Debate Magazine

Nobody Move Or Sterling and Interest Rates Get It!

Posted on the 12 May 2016 by Markwadsworth @Mark_Wadsworth

Yesterday's Project Fear output, via MBK:
From The Times:
Leaving the European Union would immediately cause the value of the pound to plummet by as much as 20 per cent, while income tax would have to rise to counter cuts in migration, a respected think tank has warned.
A vote to leave would result in a “significant shock to the UK economy”, the non-partisan National Institute for Economic and Social Research has said, as it presented prospects for the UK up to 2030 in the event of Brexit.

From The Telegraph:
The Bank of England will need to raise its key interest rate or Bank Rate to 3.5pc by the end of next year if Britain votes to leave the EU, the newest recruit to the Monetary Policy Committee has warned privately.
Michael Saunders, who was chief economist at Citibank, and will join the rate-setting MPC in August, said the drastic rise would be needed because Brexit would cause the pound to collapse, which would send inflation sharply higher.

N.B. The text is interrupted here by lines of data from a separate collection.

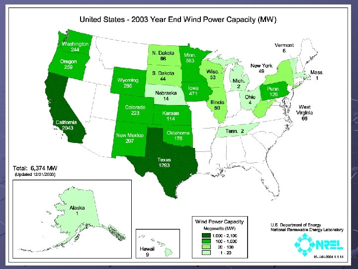 Capacity & Cost Trends Capacity (MW) Cost of Energy (cents/k. Wh*) Cost of Energy and Cumulative Domestic Capacity *Year 2000 dollars Increased Turbine Size - R&D Advances - Manufacturing Improvements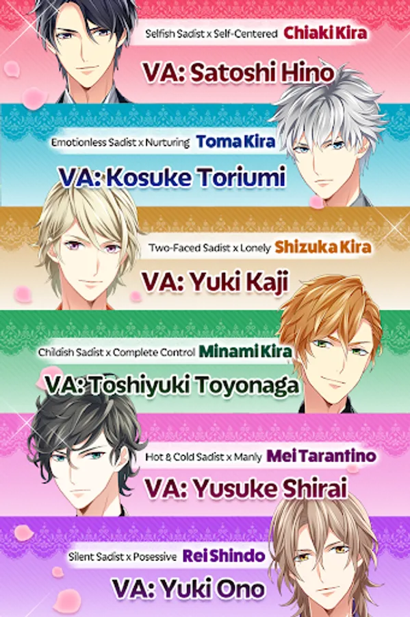 These guests: while they may look nice on the outside, are brothers with a sadistic streak… And to make matters worse, all of them are the sons of Keichiro Kira, the President of the very hotel chain you work for!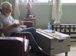 The work was obsessive. I tweaked the pattern several times seeking balance. Gradually, it became a delightful cross between Art Deco and Abstract. Glass selection was limited to three opalescent shades of red, orange and yellow (the hot end of the spectrum). Although the red and orange glass are less differentiated under light, all have their own unique textural composition which creates interest and carries the eye around the piece.
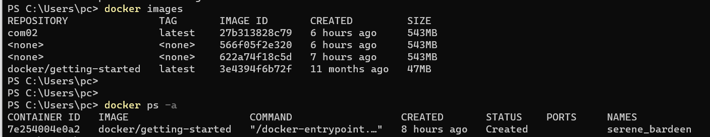 그 후 docker images와 docker ps -a를 해보면 원래 있었던 것들이 잘 드는 것을 확인할 수 있다.
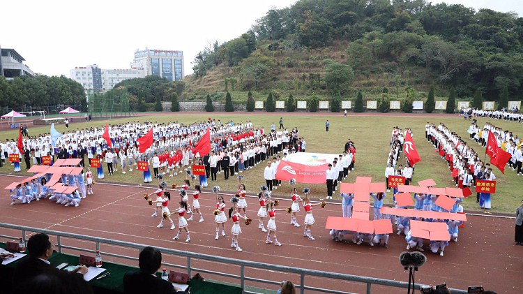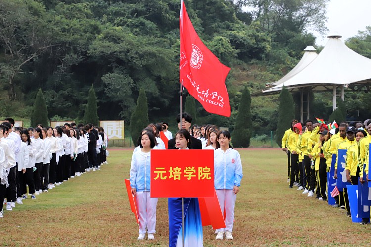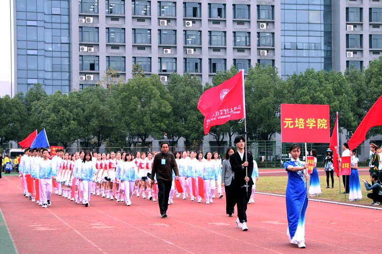 开幕式上,公司作为第16支代表队入场。方阵同学身着蓝白相间队服,姿态昂扬而来。两侧同学手举红牌,变换队式。啦啦操队员位于队伍正中,身着靓丽服装,踏着音乐鼓点,挥舞手里的彩球。托举,劈叉,高踢腿……一系列高难度动作整齐划一,引来观众席的阵阵欢呼和热烈掌声。他们自信的笑容,有力的姿态,响亮的口号,无不彰显着元培学子朝气蓬勃的青春姿态和团结一心,顽强拼搏的竞技精神。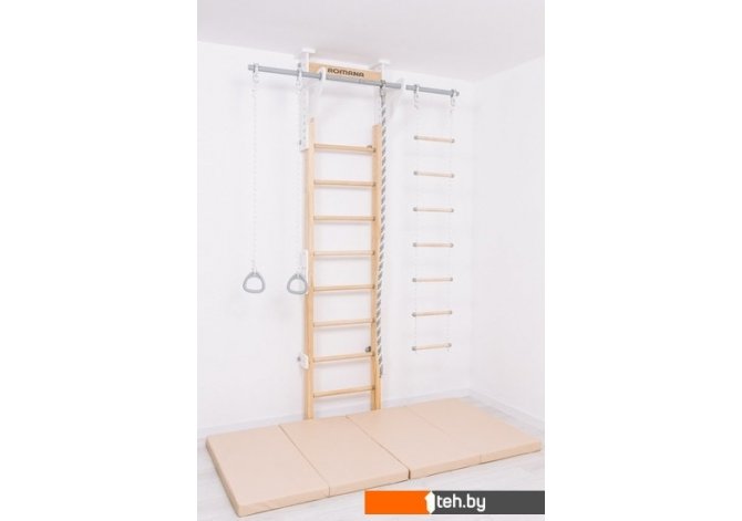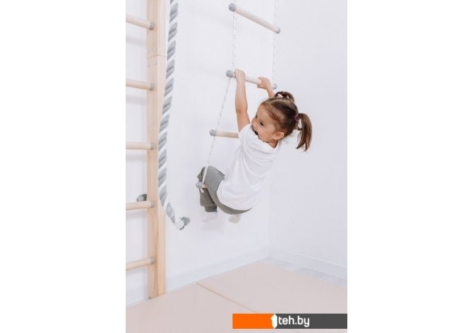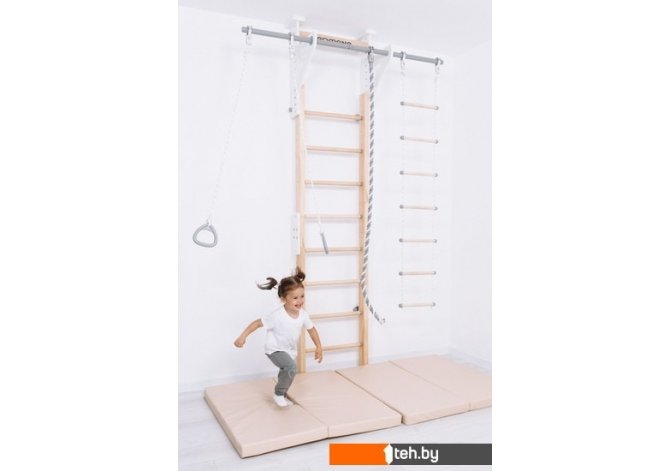 | Информация | Дополненная прочным турником и навесным оборудованием модель деревянной шведской стенки в белом цвете.Каркас и ступени спортивного комплекса изготовлены из хвойной древесины, что высоко ценится любителями натуральных материалов в интерьере. Покрытие комплекса выполнено краской белого цвета, экологически безопасной для детей.Спортивный комплекс может быть установлен как к стене, так и враспор - в зависимости от того, как удобно пользователю. По необходимости стенку легко переставить в другое место. В комплексе предусмотрен широкий фиксированный турник, на котором размещается навесное оборудование: кольца, веревочная лестница и канат.Если в вашем интерьере преобладают пастельные тона, то спортивный комплекс по достоинству займет там свое место! |

If we were to stupid enough to reduce 'good' immigration (younger, healthier, skilled/working, ready to integrate) then yes, income tax rates on everybody else might rise a bit, some people say that would be a price worth paying. I don't think it is, but clearly, if we reduced 'bad' immigration, tax rates would go down a bit, which looks like a win-win to me.
The rest of their logic seems to be [unspecified cause] = GBP falls = inflation rises = Bank of England has to increase interest rates.
There's no particular reason to assume that Brexit would cause GBP to fall that dramatically, but even if it did, what would be the knock-on effects? No need to ponder too hard, let's just look at the last two instances of this happening - after Black Wednesday in 1992 and between 2008 and 2012, when GBP fell by a quarter each time.
There was surprisingly little impact on consumer prices (putting land prices to one side) in either instance, and the Bank of England did not increase interest rates - during both periods it actually reduced them (leading to land price inflation).
So nothing to worry about, as per usual.
Nobody move or sterling and interest rates get it!